Слобода до сих пор осталась одним из любимых детьми мест. Они часто туда ездят летом за грибами и ягодами, зимой и осенью — на охоту. Причем зимой они ходят по лесу на специальных охотничьих лыжах, подбитых оленьим мехом, чтобы не скользили. Так что палки для таких лыж не нужны, и руки свободны для ружья. Это то место, где они впервые почувствовали свободу, стали жить не в окружении высокого забора и охраны, а в окружении леса. Случившийся пожар внес некоторые корректива в нашу жизнь, напомнив, что расслабляться нигде нельзя. Мы завели опять кавказскую овчарку и стали более бдительны. Но это больше прибавляло напряжения Герману, для детей это придавало романтики и приключенческого духа. Пелагея с Арсением упражнялись в стрельбе по ястребам, охотившимся за нашими цыплятами, мальчишки строили шалаши из подручного материала, лазили по деревьям, рыли окопы и блиндажи для игры в войнушку. Наверстывали все то, чего были лишены, живя на Рублевке. Вовсю осваивали езду на лошадях, особенно им нравилось зимой кататься на санях. Большой восторг у них вызывал сенокос, сладкий запах сена, все дружно собирают засохшую траву в стога, а затем так весело прыгать на уже собранных высоких стогах и скатываться с них вниз. Место там действительно красивое, летом все покрывалось малиновым цветом от цветущего иван-чая, который мы собирали и высушивали, получался очень вкусный и полезный чай. На пруду распускались кувшинки и жили дикие утки. Дети собирали и дарили мне чудесные букеты, состоящие из луговых цветов и кувшинок. А идя по полю с высокой травой, можно было случайно наткнуться на прячущуюся там куропатку. Слобода нас выручила еще и тем, что там можно было сразу завести коз, а так как козье молоко идеальный заменитель грудного вскармливания, то у меня не было проблем, чем кормить пятимесячного Михея… Так как я, к сожалению, не «молочная мама», и к этому времени молоко у меня закончилось.

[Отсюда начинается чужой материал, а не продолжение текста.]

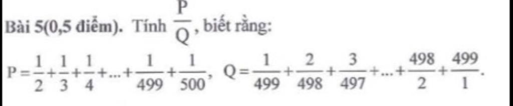 `=> P/Q = (1/2 + 1/3 + ... + 1/500)/(500(1/500 + 1/499 + ... + 1/2))`
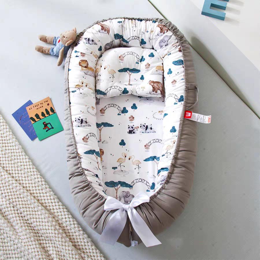 ベビーネスト 新生児ベッド ポータブル 綿100% 通気性 ピークル 低アレルギー 両面仕様 枕付き 取り外し簡単 洗濯OK ベビーベッド代わり お昼寝スペースに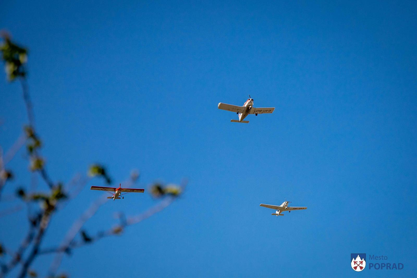 z Aeroklubu Poprad ponad Štefánikovú ulicu a hymnou
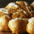 700 г соленого заварного теста с добавлением мускатного ореха 250 г мягкого сыра 25 г сливочного масла соль Срезать корку с сыра, порезать его тонкими ломтиками. Вмешать 200 г сыра в тесто. С помощью кондитерского мешка выложите на смазанный маслом противень в форме ромашки. Смазать взбитым яйцом и посыпать оставшимся сыром. Запекать 30 минут в духовке при 180°С. Когда пирог поднимется и зарумянится, он готов.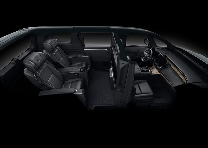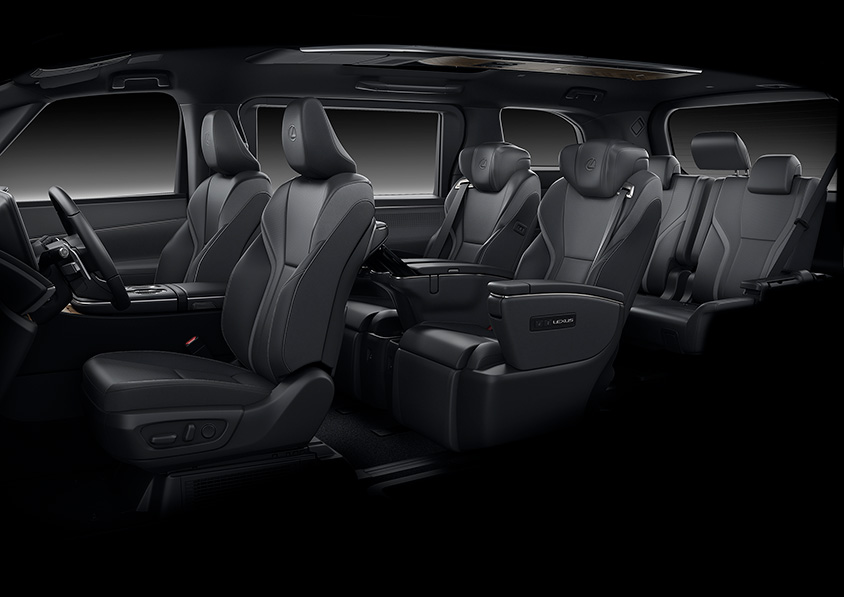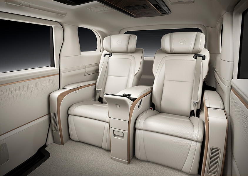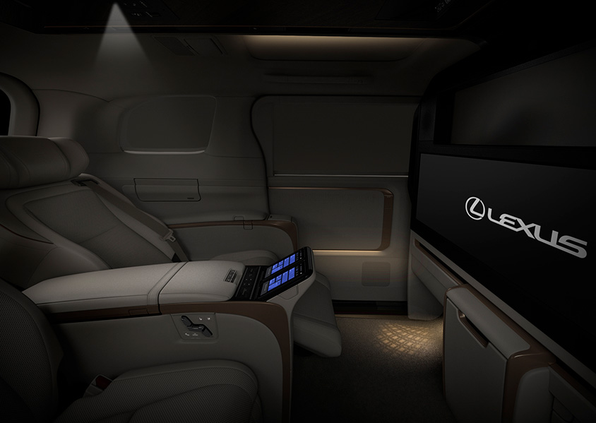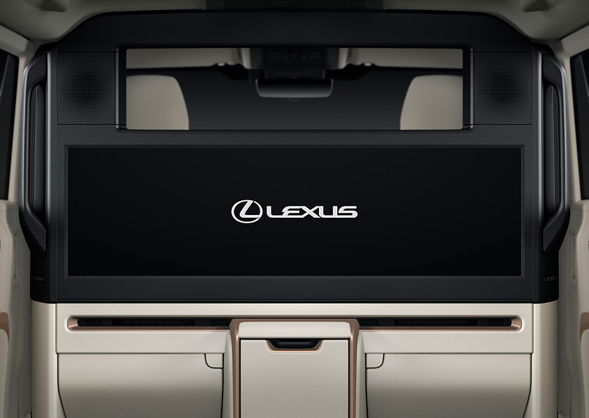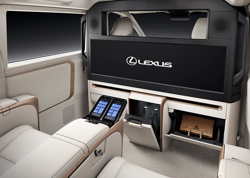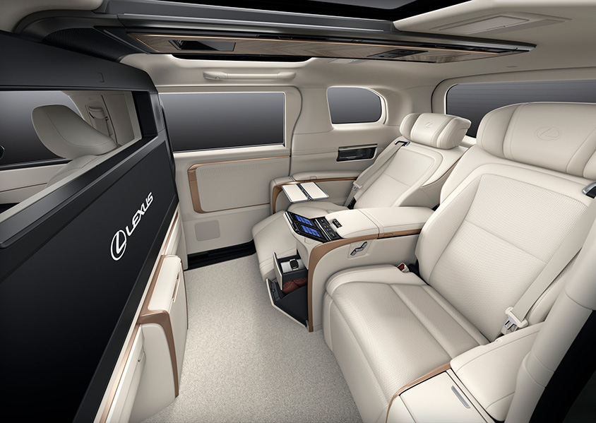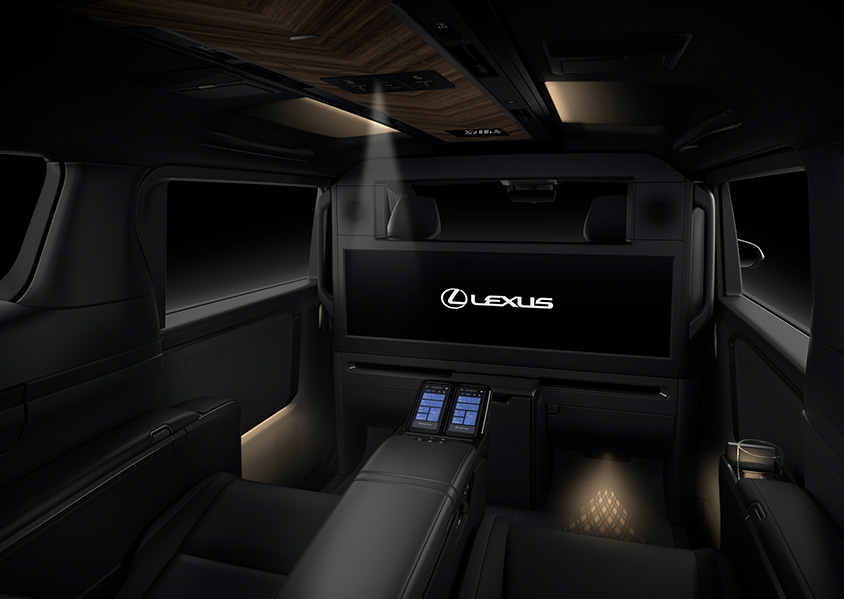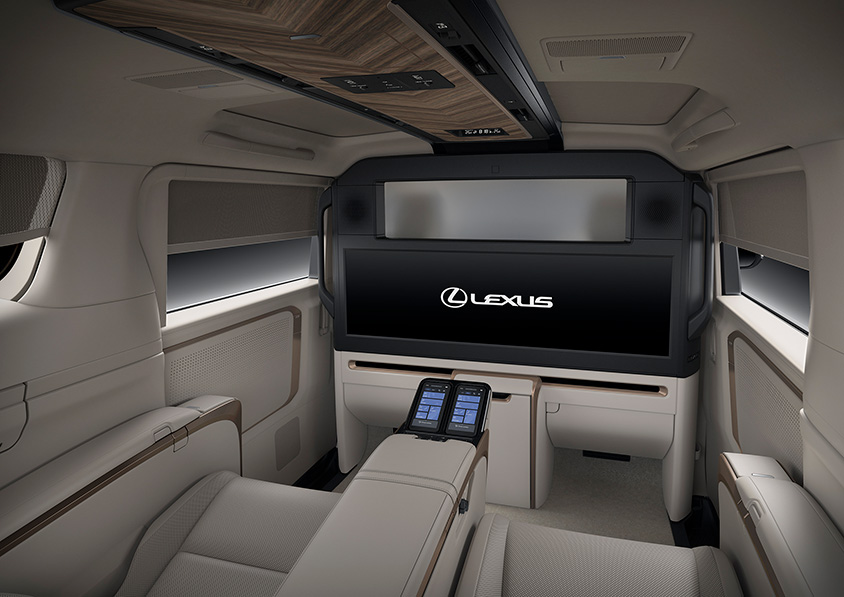インテリアは、シームレスなデザインで表現されており、リビングのようにくつろげる世界観となっているという。4座仕様(4席仕様)には、リヤ席前に48インチ大型ワイドディスプレイを備えたパーテーションが配置される。更に前席との間には昇降ガラスが取り付けられる。スピーカー、冷蔵庫なども含め内装部品間の段差は極限まで低減される。またリヤシートは大型独立シートが設置され、そのシートにはレクサス初のアームレストとオットマンにシートヒーターが設置される。また乗員と周辺温度を検知する「温熱感IRマトリクスセンサー」を設置し、顔、胸、大腿、下腿の4か所の温度を推定して、エアコン、シートヒーターなどを一括し適温に保つ。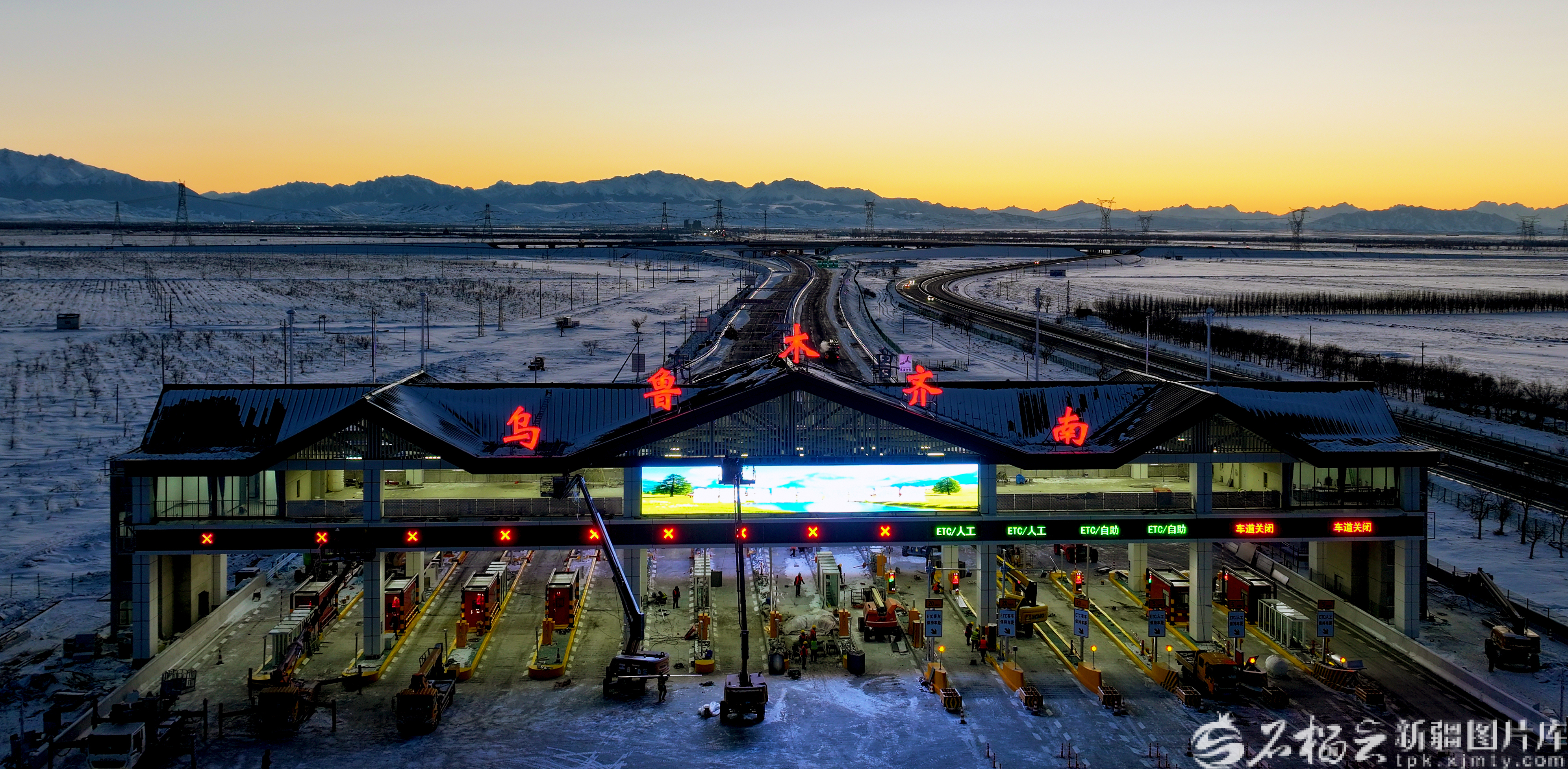 12月22日,乌尉高速公路乌鲁木齐南匝道收费站(无人机摄)。石榴云/新疆日报记者 韩亮摄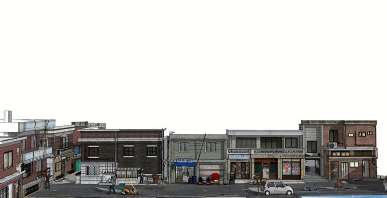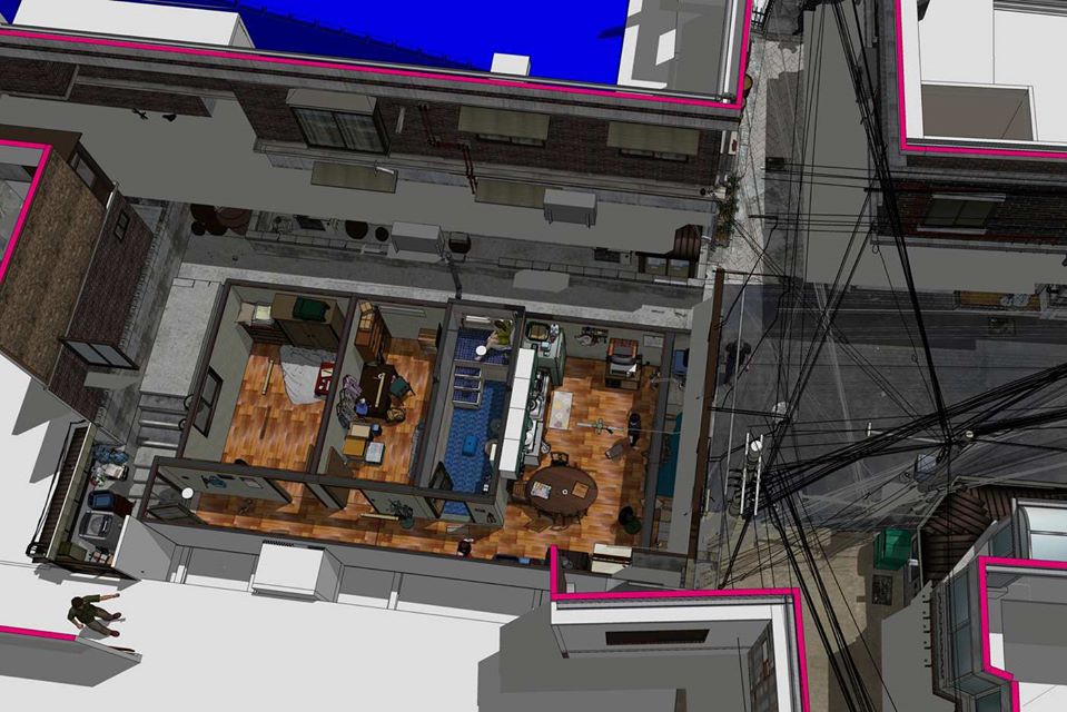 Cả con hẻm khu nhà nghèo cũng được xây mới: bao gồm 20 tòa nhà, 40 hộ dân, mỗi hộ dân được team thiết kế tạo một câu chuyện riêng để trang trí nhà khác nhau (có 1 bà cô thu nhặt đồng nát, một nhà thì bán đồ ăn vặt với toàn hộp bánh cá và tương, một người đưa sữa, một nhà khác là tiệm sửa đồ điện của cựu binh).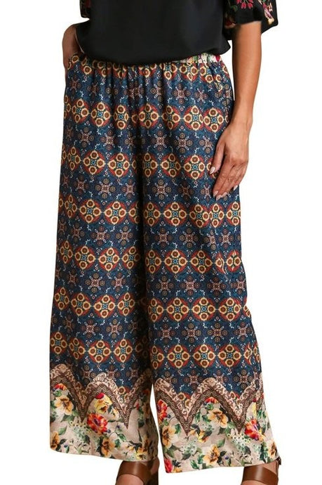Print high-waisted wide leg pants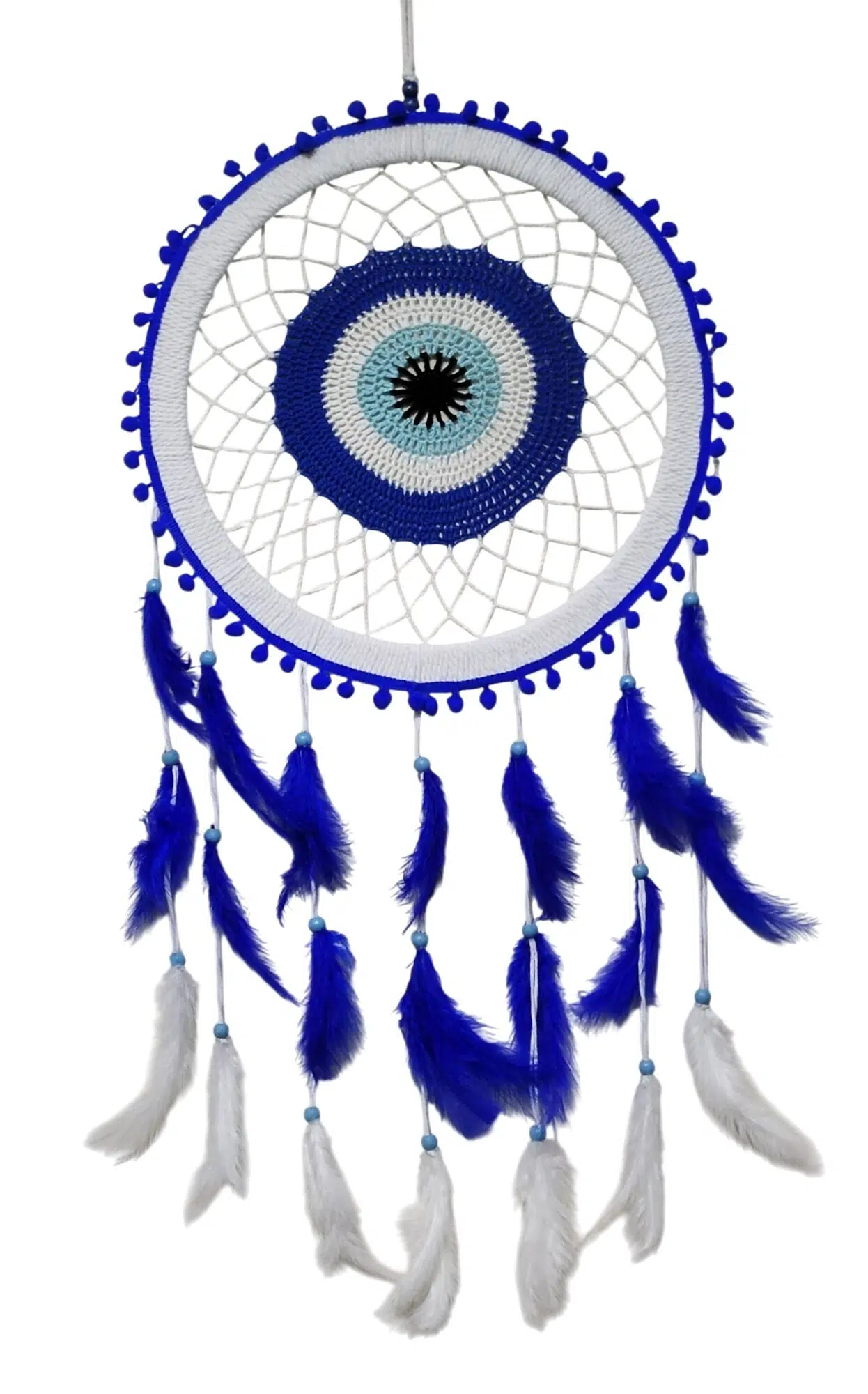 Geleneksel Kızılderili rüya yakalayıcı (dream catcher) ile Türk kültüründe nazardan koruduğuna inanılan mavi nazar boncuğunun muhteşem birleşimi! Bu özel tasarım duvar süsü, hem dekoratif bir şıklık katıyor hem de negatif enerjilerden ve kötü rüyalardan koruma sağlıyor.

Видя, как там хорошо детям, на трудности, которые нам приходилось преодолевать, не хотелось обращать внимания. А трудности, конечно, были. Сейчас, оглядываясь назад, я понимаю, что молодость на то и молодость, что все кажется нипочем. Во-первых, отсутствие горячей воды, а стирки и мытья посуды было предостаточно, семья уже состояла из семи человек да плюс частые гости. Потом готовить надо было на печи, а для меня это было совершенно новым занятием, надо было приноравливаться. Зато теперь я понимаю, какое это чудо-печь, насколько на ней вкуснее и полезнее еда, и готовить на ней намного удобнее, тем более на большое количество людей одновременно можно приготовить множество блюд. И нет ничего более уютного, чем в зимний вечер сидеть у печи, смотреть на огонь и слушать потрескивание горящих бревен. Там Герман, увидя, что представляет собой деревня, потерял последние иллюзии насчет русского народа. На деревню из двух десятков домов насчитать можно было не более трех с натягом, где хозяин не спился и имел нормальное хозяйство. Тогда муж придумал так называемый «Реестр непьющих мужиков», функция которого сводилась к переписи непьющего населения, способного работать и рожать детей. Определять, пьет или не пьет мужчина, должны были женщины, у которых мужья были алкоголиками, у них, как говорится, глаз на алкаша набит. Называлось это — «баб-контроль». Герман предлагал попавшим в реестр мужикам помогать материально, поддерживать их авторитет государством, чтобы они были примером и для своих детей, и для окружающих. Герман даже организовал людей, которые обходили деревни и заносили нормальных мужиков в реестр: такая вот «перепись неспившегося населения». Муж хотел привлечь государство к этой проблеме, понимая, что, если так пойдет дальше, переписывать больше и некого будет.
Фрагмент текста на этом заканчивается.